Contributions are welcome! Please see CONTRIBUTING.md for guidelines on:
- Development setup
- Running tests
- Code style (Black, flake8)
- Submitting pull requests
- Reporting issues
This project is licensed under the MIT License - see the LICENSE file for details.
This package is explicitly a python port of the R cancensus package.

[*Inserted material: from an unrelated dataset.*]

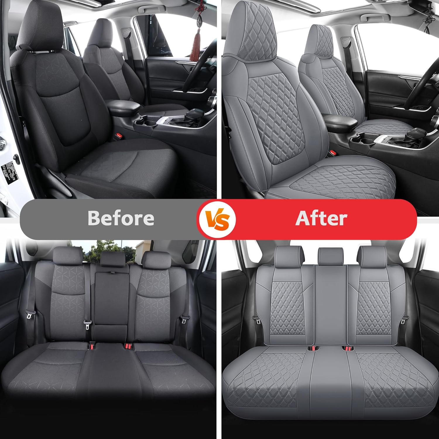 - 【Luxury 3D Stitching】 Elevate your cabin with sophisticated diamond-quilted upholstery that outshines factory seats. Our Toyota Rav4 Seat Covers feature full-wrap design with no exposed gaps. Hidden zippers reveal convenient backseat cup holders.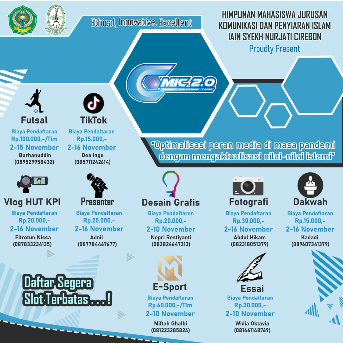Pada tahun ini HMJ KPI melangsungkan kembali acara COMIC (Communication Interest Contest) jilid 2 dengan mengusung tema “Optimalisasi Peran Media di Masa Pandemi dengan Mengaktualisasi Nilai-nilai Islami”.

Subject to the Statistics Canada Open Data License Agreement, licensed products using Statistics Canada data should employ the following acknowledgement of source:
Acknowledgment of Source
(a) You shall include and maintain the following notice on all licensed rights of the Information:
- Source: Statistics Canada, name of product, reference date. Reproduced and distributed on an "as is" basis with the permission of Statistics Canada.
(b) Where any Information is contained within a Value-added Product, you shall include on such Value-added Product the following notice:
- Adapted from Statistics Canada, name of product, reference date. This does not constitute an endorsement by Statistics Canada of this product.